Games of the Abstract: Rambo (2008)

 


Developer: Sega

Publisher: Sega

One or Two Players

Arcade

 

There were two productions of Rambo in 2008. One, despite the confusion suggesting a reboot in its stripped down title, is a fourth film in a franchise originally based on a novel by David Morrell. This review is instead about the 2008 arcade game, released by Sega on their Sega Lindbergh arcade system, and connected to this resurgence in John Rambo, one of Sylvester Stallone's most iconic cinematic characters when Morrell's source material was adapted. The 2008 arcade game is also one you can still find around English sea sides, among this era of late 2000s and early 2010s machinery still ready to purchase rather than retrospective cabinets to preserve, so it is a case of a machine you could encounter in the wild as they were built for.

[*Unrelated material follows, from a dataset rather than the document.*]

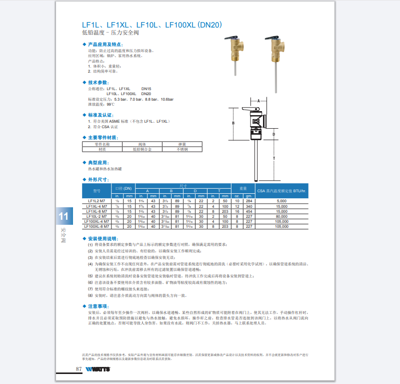 低铅温度-压力安全阀LF1L/LF1XL/LF10L/LF100XL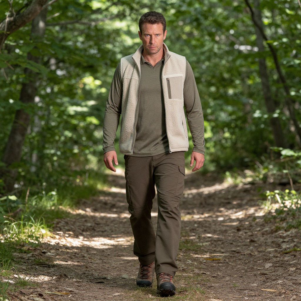 A man, long-sleeve performance shirt, durable hiking pants, rugged hiking boots, lightweight fleece vest, muted greens and browns, lush green canopy, winding dirt path, dappled sunlight filtering through leaves, camera obscura, focused expression, ready for adventure. Man has masculine face and piercing eyes

This is an on-rail shooter, and that in itself means having to point out this is not Rambo: The Video Game (2014), another on-rail shooter for the likes of the Playstation 3 and Xbox 360, which was developed by Polish developers Teyon and was not well regarded. That game however also covered the original film First Blood (1982) in the franchise. In vast contrast, Sega's Rambo, over six levels, ignores that first film, and ignores that film's story. That begin about John Rambo, as immortalised by Sylvester Stallone, as a mentally damaged Vietnam War veteran who, entering the town of Hope, Washington is antagonised so much he starts a war against the sheriff there which eventually leads escalates. This focuses entirely on Rambo: First Blood Part II (1985) and Rambo III (1988), where he was re-evaluated as a Vietnam vet and war hero going out into the world as a one man army for America.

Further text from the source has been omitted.